Как известно, это столетие отмечено длительной войной южноиталийских городов и их союзников с карфагенянами на юге и с этрусками на севере. Война осложнялась социальной борьбой внутри греческих городов и между ними. Согласно традиции, олигархическая партия Пифагора и его сторонников пришла к власти в целом ряде южноиталийских полисов. Широко известен разгром кротон- цами сибаритов в 510 г. до н.э. В этот период особенно усилилось и идеологическое влияние пифагорейцев не только на греков, но и на все города Италии. По словам современника и ученика Аристотеля Аристоксена, к Пифагору среди прочих народов приходили учиться мудрости и римляне[130]. Если верить его утверждению, то римляне имели непосредственный контакт с Пифагором незадолго до изгнания Тарквиниев и установления аристократической республики. Еще более удивительные сведения мы находим у ученика и младшего современника Пифагора Эпихарма, известного своими акростихами и нововведениями в греческом алфавите[131]. По словам Плутарха, этот автор писал, что римляне даровали Пифагору права гражданства[132]. Союз греков и римлян в борьбе с пунийцами и этрусками вполне естествен[133]. В связи с этим не случайно противопоставление греками благородного латина и “дикого тирренца”[134]. Граница влияния греков и этрусков проходила как раз по Тибру. Близость греков и 'римлян была столь значительна, что Ливий, описывая поход этрусского царя Порсены в конце VI в. против Рима и италийских греков, ошибочно называет греческие Кумы латинским городом[135], а гораздо более ранний автор Аристотель точно также ошибочно причисляет Рим к греческим городам[136].

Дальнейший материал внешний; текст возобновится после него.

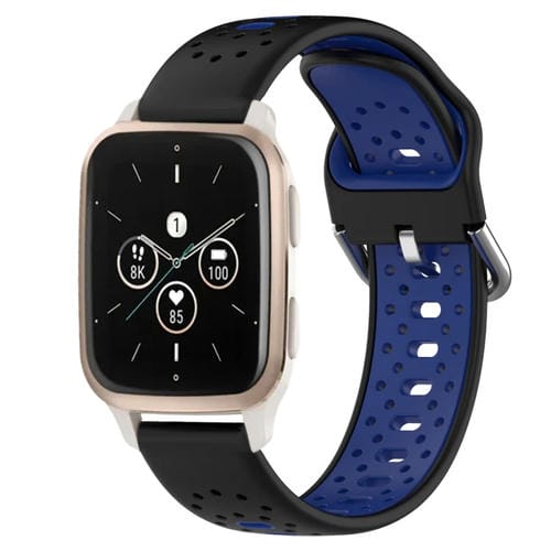 Banda de Reloj Garmin Forerunner Sq2 Music 20mm Silicona Transpirable Dos Colores (Negro + Azul)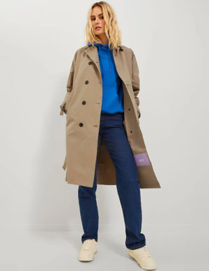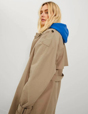 S M XL XXLПлащ із суміші бавовни має прямокутні лацкани, довгі рукава з пряжкою для регулювання, ремінь із тієї ж тканини на поясі. Спущена лінія плечового шва, застібається на ґудзики спереду. Дві бічні кишені, розріз ззаду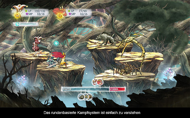 Auch wenn „Child of Light“ nicht danach aussieht, ist es im Kern ein ziemlich klassisches Rollenspiel. Denn sobald man im Spiel auf einen Gegner trifft, wechselt man in einen speziellen Kampfraum, in dem man gegen bis zu drei Gegner kämpft. Hier gilt es dann Zug für Zug die richtigen Entscheidungen zu treffen, um die Gegner zu besiegen. Zur Wahl stehen natürlich normale Angriffe, Zauber, aber auch diverse Items. Jedoch handelt es sich bei „Child of Light“ nicht um ein klassisches rundenbasiertes Kampfsystem. Denn statt das man nacheinander angreift, gibt es in „Child of Light“ eine Vorbereitungsleiste, die für alle Kämpfer gleich ist. Hier ist zu sehen, wie lange man selbst, aber auch die Gegner, für den nächsten Angriff noch brauchen und im letzten Teil der Leiste gibt es noch einen Vorbereitungsbereich. Dieser wird je nach Angriff schneller oder langsamer gefüllt und ist ganz wichtig im Kampf. Denn wenn man einen Gegner angreift, der sich gerade in der Vorbereitung befindet, wird dieser auf der Leiste zurückgeworfen und muss einen neuen Angriff starten. Wer dies geschickt nutzt, kann den Gegner kaum Luft zum Atmen lassen. Dies gilt leider aber auch für die Gegner und sorgt somit manchmal für brenzlige Situationen. Glücklicherweise muss man aber nicht alleine mit Aurora in den Kampf ziehen, sondern hat immer eine Gruppe aus zwei Kämpfern zur Verfügung, die man sich selbst zusammenstellen kann. Denn im Spielverlauf schließen sich immer mehr Leute Aurora an und jeder Charakter hat seine eigenen Stärken und Schwächen, die man gekonnt nutzen muss. Des Weiteren kann man die Attribute und Skills der Charaktere immer wieder verbessern, denn pro Kampf erhält man Erfahrungspunkte, womit man Level aufsteigt und pro Level gibt es einen Fertigkeitspunkt, der in unterschiedliche Attribute investiert werden kann. Ansonsten präsentiert sich „Child of Light“ als ziemlich geradliniger Plattformer mit einigen kleineren Rätseln, die jedoch nicht der Rede wert sind. Leider sorgt dies auch für etwas wenig Abwechslung auf lange Sicht, da meist nur die Bosskämpfe wirklich herausfordernd sind.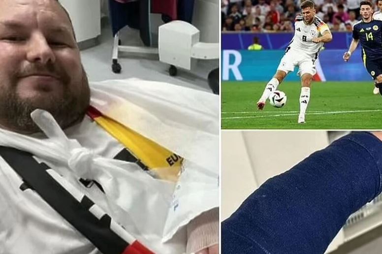 🇩🇪🤕 A Germany fan named Kai broke his hand after accidentally being hit by a Füllkrug shot during the warm-up for the Scotland game.

В связи с вышесказанным в несколько ином свете представляется и антиэтрусский переворот в Риме 510 или 509 г. до н.э. Сами организаторы переворота Луций Юний Брут и Валерий Попликола, отмечены традицией как мудрецы-законодатели вполне в духе пифагорейского учения. Так, в соответствии с легендой, Брут получил прекрасное образование (Dionys. IV. 68), уже в молодости проявил мудрость в чисто пифагорейском толковании дельфийского оракула[137], отменил кровавые человеческие жертвоприношения этрусков[138] и ввел греческие культы[139].

Его приверженность скромному образу жизни, молчаливость, суровость в отстаивании государственных интересов, спокойствие и выдержка также роднят его с пифагорейским учением. Цицерон даже наделяет его высшей философской мудростью (sum- mam prudentiam), скрывавшейся под маской глупости (Cic. Brut. 53). Наконец, сам факт, что он, по словам Манилия[140], был подобно Ромулу, Сципиону Африканскому и Цицерону причислен римлянами к героям, обретшим свое место на Млечном пути звездного небосклона, косвенно связывает его с авгурским искусством дивинации. Что касается Валерия Попликолы, то традиция также изображает его красноречивым оратором (Dionys. V. 17. 3), мудрым законодателем (Liv. II. 8. 13), в общем - философом в истинно римском духе, которому Дионисий приписывает принцип “богатым является не тот, кто много приобрел, а тот, кто довольствуется немногим”. Принципами его жизненной философии были умеренность и разумный образ жизни, воспитание достойных детей[141].

Так вот именно эти философствующие государственные мужи отменили Тарквиниевы законы и восстановили законы Нумы и Сервия Туллия[142]. К этому добавляется еще и сообщение традиции о том, что именно в конце VI в. законы Нумы “о священных ритуалах”, записанные Анком Марцием на деревянных досках и утраченные ввиду непрочности материала, были восстановлены понтификом Гаем Папирием[143]. Думается, что это “восстановление” сакральных норм Нумы в конце VI в. до н.э. могло происходить не без влияния пифагорейской “науки о жертвоприношениях”. Однако влияние пифагореизма на сакральное право римлян не было эпизодичным.

V в. до н.э. отмечен влиянием пифагореизма на римлян через ученика Пифагора Эмпедокла[144]. Не случайно, Диоген Лаэртский со ссылкой на автора конца III в. до н.э. Гиппобота утверждает, что статуя этого пифагорейца, видимо, за особые заслуги перед римлянами, была установлена на римском Форуме перед зданием сената[145].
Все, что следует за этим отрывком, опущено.